Remember that MIRA takes a very cautious approach in contig building, and sometimes creates two contigs when it could have created one. Three main reasons can be the cause for this:

  1. when using uniform read distribution, some non-repetitive areas may have generated so many more reads that they start to look like repeats (so called pseudo-repeats). In this case, reads that are above a given coverage are shaved off (see [-AS:urdcm] and kept in reserve to be used for another copy of that repeat ... which in case of a non-repetitive region will of course never arrive. So at the end of an assembly, these shaved-off reads will form short, low coverage contig debris which can more or less be safely ignored and sorted out via the filtering options ( [-x -y -z]) of convert_project.
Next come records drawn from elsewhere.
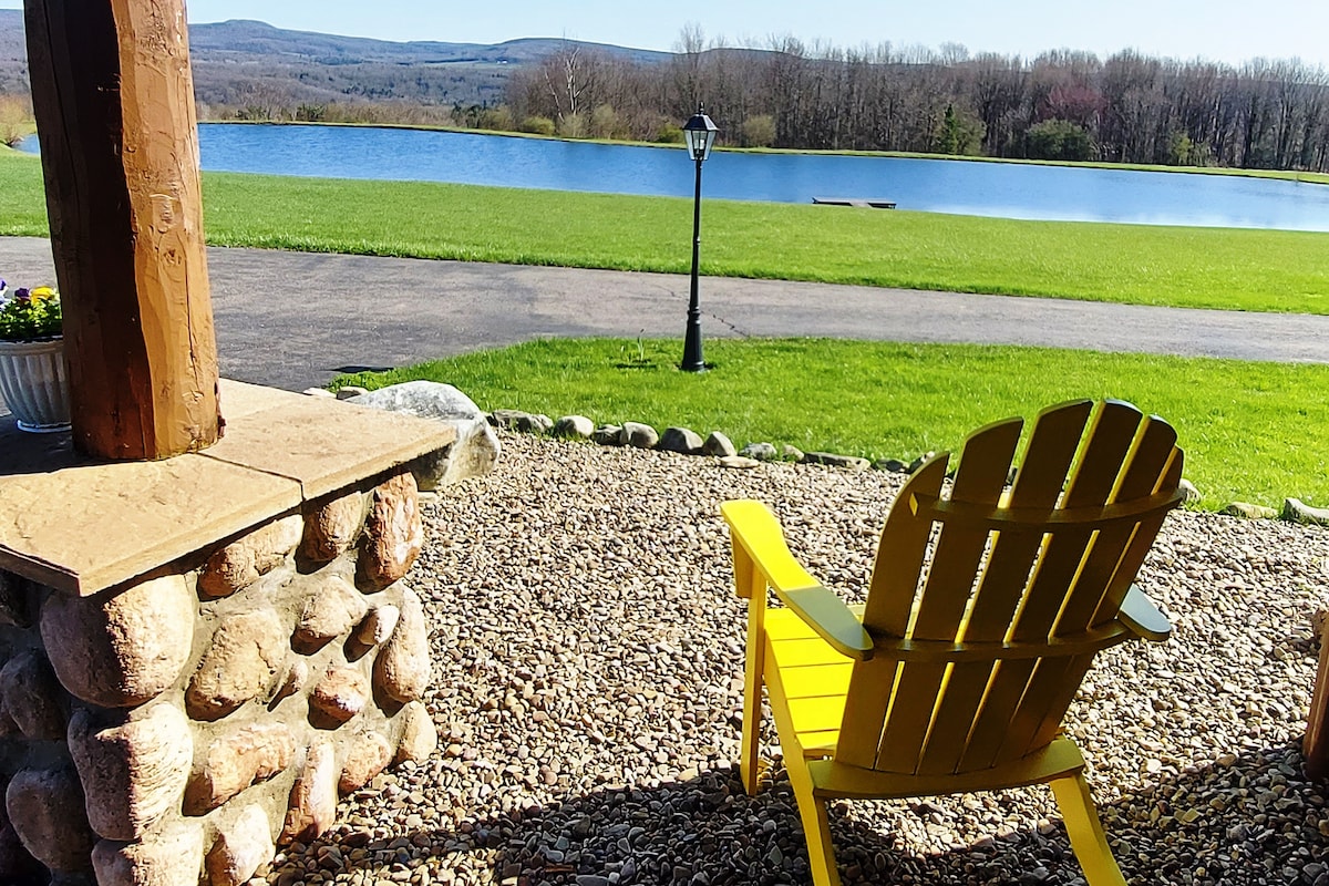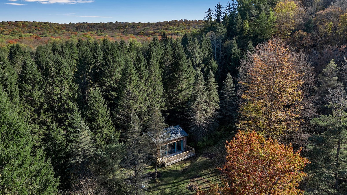 Family built cabin on 30 acre country estate, just outside exciting year round resort village of Ellicottville. Perfect for nature lovers and outdoor enthusiasts, the cabin has all necessities, similar to a tiny house. Nestled near the gardens, and surrounded by quiet rolling hills. Enjoy with door step delivered breakfast, or book a guided hike with estate owner and learn about medicinal plants and flowers, the topography of the land and a farm fresh picnic lunch on the peninsula of our lake.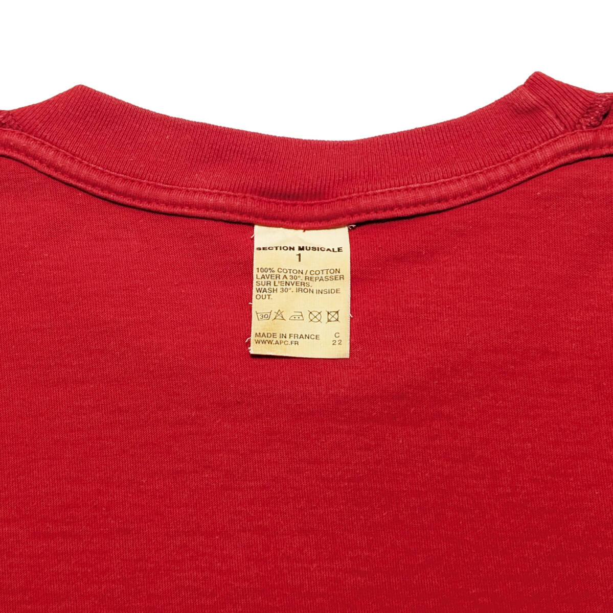 仕事の都合で発送まで最大1週間かかります。事前にご了承ください。アーペーセーのフランス製Tシャツ。90年代当時のもの。少しだけフェードした赤いお色です。着込んでもっとフェードさせていっても良さそうです。右袖にのみプリントが入るデザイン、めずらしいものかと思います。フランス製、お色レッド、サイズ表記1、素材表記コットン100%。ほどほど着用感はありますが、ダメージやヨゴレのない状態です。送料はこちらで負担します。正規品ですので、ご安心ください。ご不明な点はお気軽にご質問ください。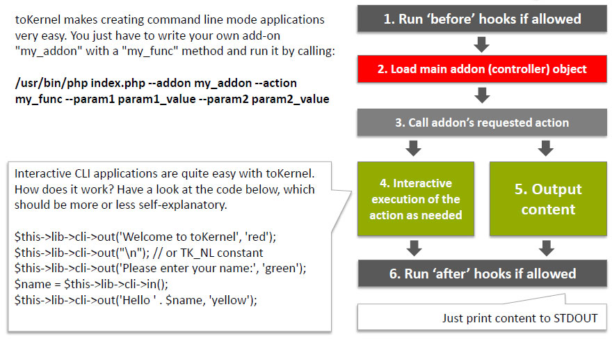 See also: CLI class library CLI with interactive mode Aliasing for URL and CLI arguments Managing aliases for URL and CLI arguments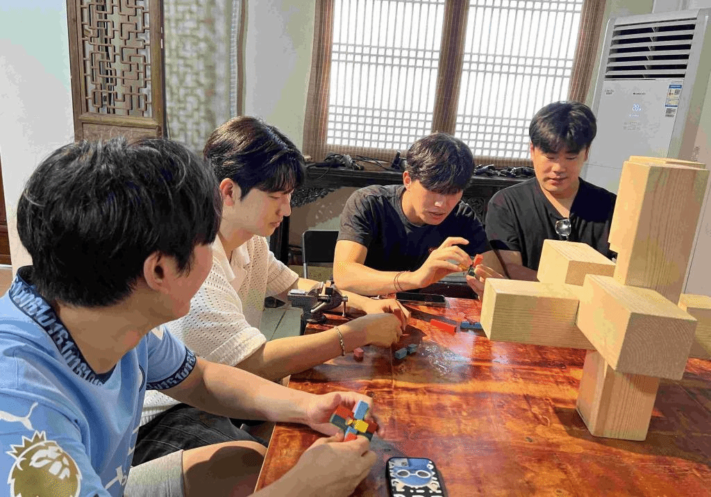 Later, at the Hehe Culture Park, the group participated in a hands-on workshop to create a traditional mortise and tenon craft. They learned about the “One Vine” technique, a Zhejiang Provincial Intangible Cultural Heritage item. This unique craft, originating from the Ming Dynasty, uses wooden structures and mortise-and-tenon assembly to simulate the spreading form of a vine, representing a form of Eastern installation art. After the introduction, the students tried their hands at assembling the representative Luban Lock, engaging in a friendly group competition that was both educational and enjoyable.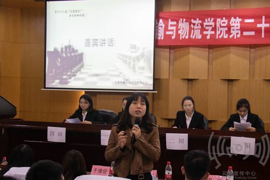 正式比赛开始前,主持人用一段视频简要地介绍了晋级本次决赛的两支队伍,他们分别是正方物流类2020-02班和反方物流类2020-03班。李清滢老师在赛前鼓励了两支队伍,希望做足了准备的队员们能够辩论出最优秀的自己。随后决赛正式开始。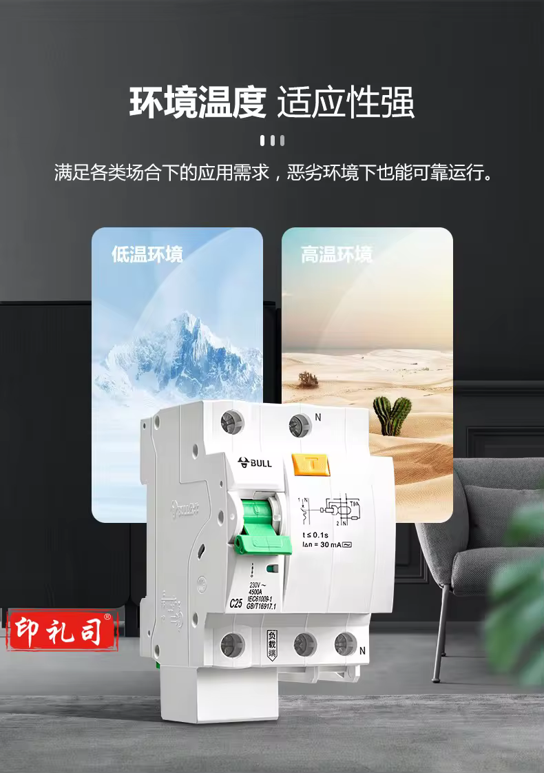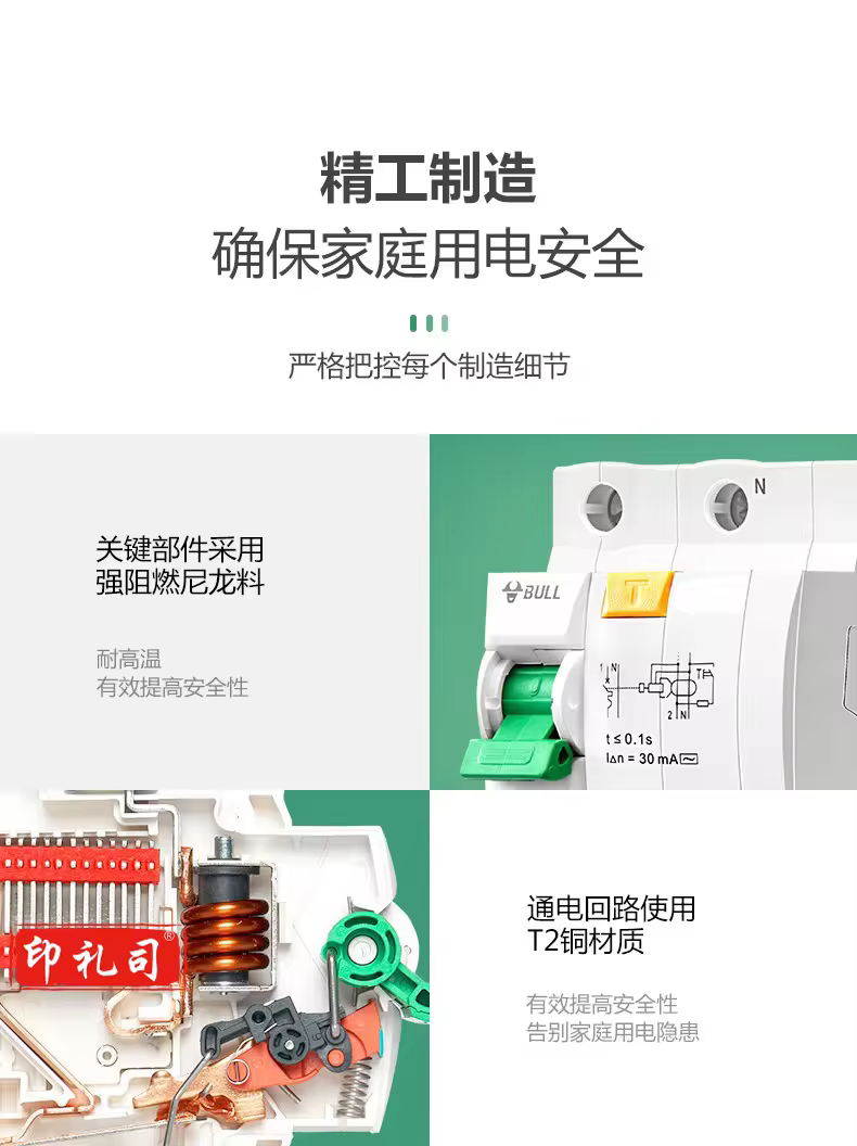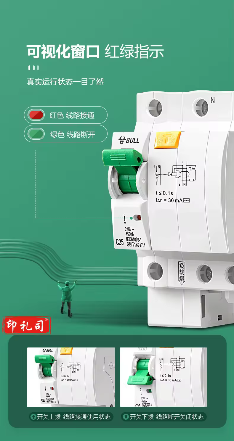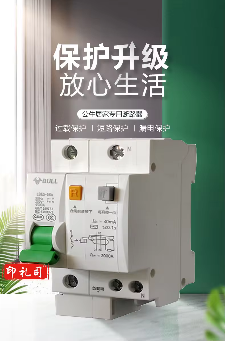 公牛(BULL)空气开关LBE5-63A系列2P漏电保护断路器 双进双出 C型电子式C32
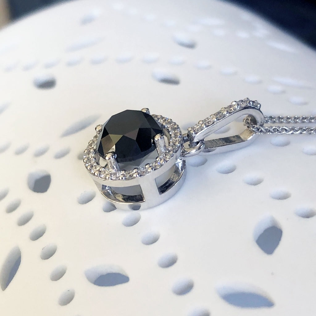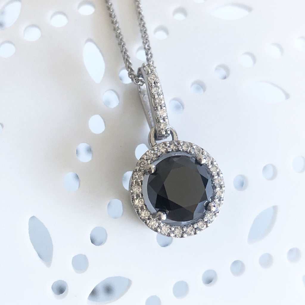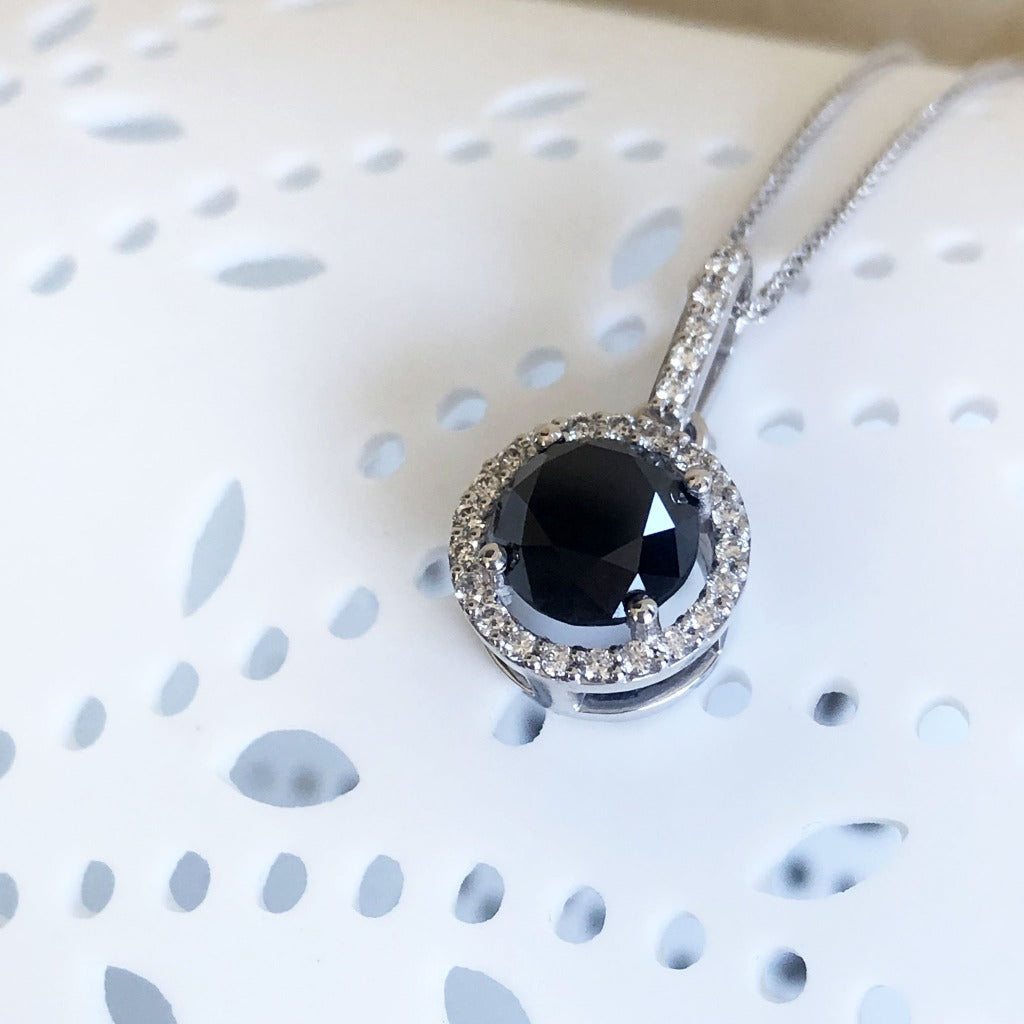 Round Cut Black Diamond Pendant with White Diamond Halo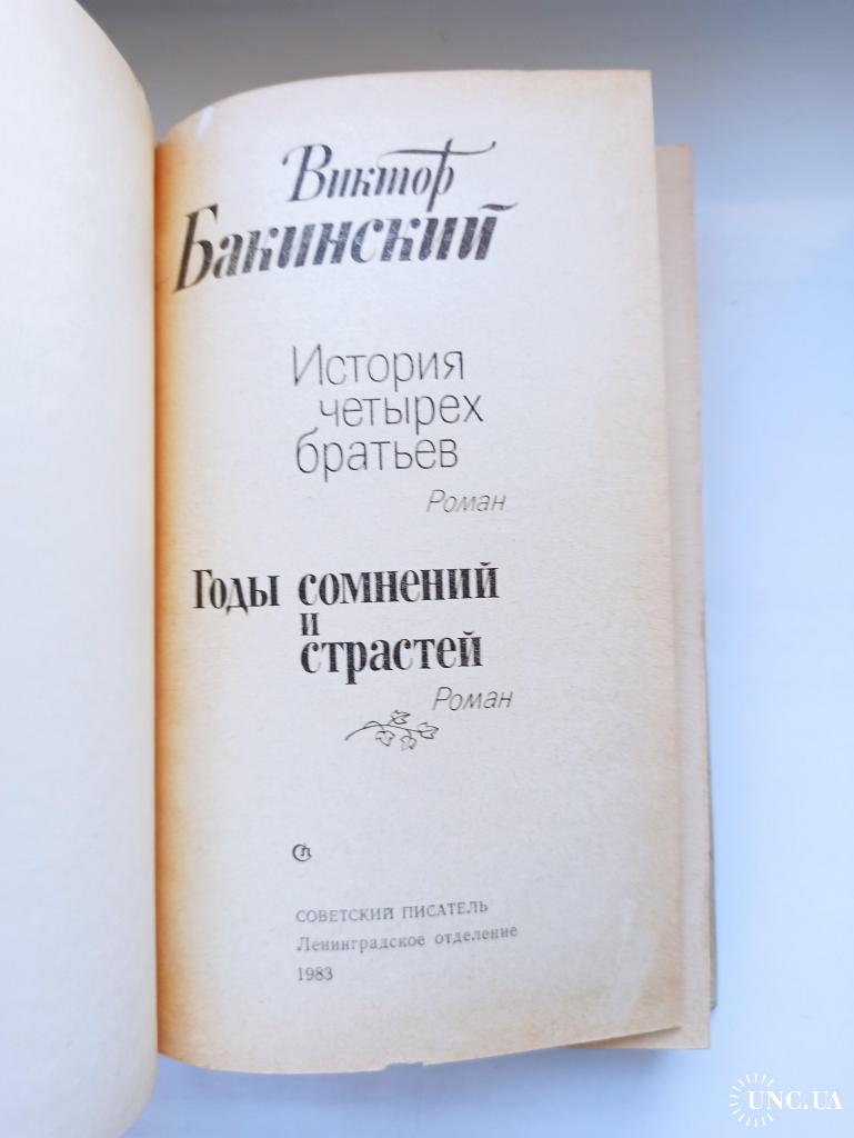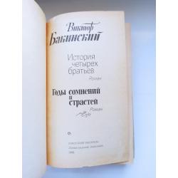 В книгу вошли два романа ленинградского прозаика В.Бакинского. «История четырех братьев» охватывает пятилетие с 1916 по 1921 год. Главная тема — становление личности четырех мальчиков из бедной пролетарской семьи в период революции и гражданской войны в Поволжье. Важный мотив этого произведения — история любви Ильи Гуляева и Верочки, дочери учителя. Роман «Годы сомнений и страстей» посвящен кавказскому периоду жизни Л.Н.Толстого (1851-1853 гг.). На Кавказе Толстой добивается зачисления на военную службу, принимает участие в зимних походах русской армии. В эти годы он создает повести «Детство» и «Отрочество», рассказы «Набег», «Записки маркера». Основываясь на письмах и дневниках Л.Н.Толстого, автор романа освещает идейные, эстетические и нравственные принципы, которые складываются у гениального писателя в это время. Определенное место отводит автор романа любви молодого Толстого к казачке Соломониде.

    Some 454 library construction protocols -- especially, but not exclusively, for paired-end reads -- create pseudo-repeats quite frequently. In this case, the pseudo-repeats are characterised by several reads starting at exact the same position but which can have different lengths. Should MIRA have separated these reads into different contigs, these can be -- most of the time -- safely joined. The following figure shows such a case:

    Figure 3.  Pseudo-repeat in 454 data due to sequencing artifacts

    Pseudo-repeat in 454 data due to sequencing artifacts

    For Solexa data, a non-negligible GC bias has been reported in genome assemblies since late 2009. In genomes with moderate to high GC, this bias actually favours regions with lower GC. Examples were observed where regions with an average GC of 10% less than the rest of the genome had between two and four times more reads than the rest of the genome, leading to false "discovery" of duplicated genome regions.

  2. when using unpaired data, the above described possibility of having "too many" reads in a non-repetitive region can also lead to a contig being separated into two contigs in the region of the pseudo-repeat.

  3. a number of reads (sometimes even just one) can contain "high quality garbage", that is, nonsense bases which got - for some reason or another - good quality values. This garbage can be distributed on a long stretch in a single read or concern just a single base position across several reads.

    While MIRA has some algorithms to deal with the disrupting effects of reads like, the algorithms are not always 100% effective and some might slip through the filters.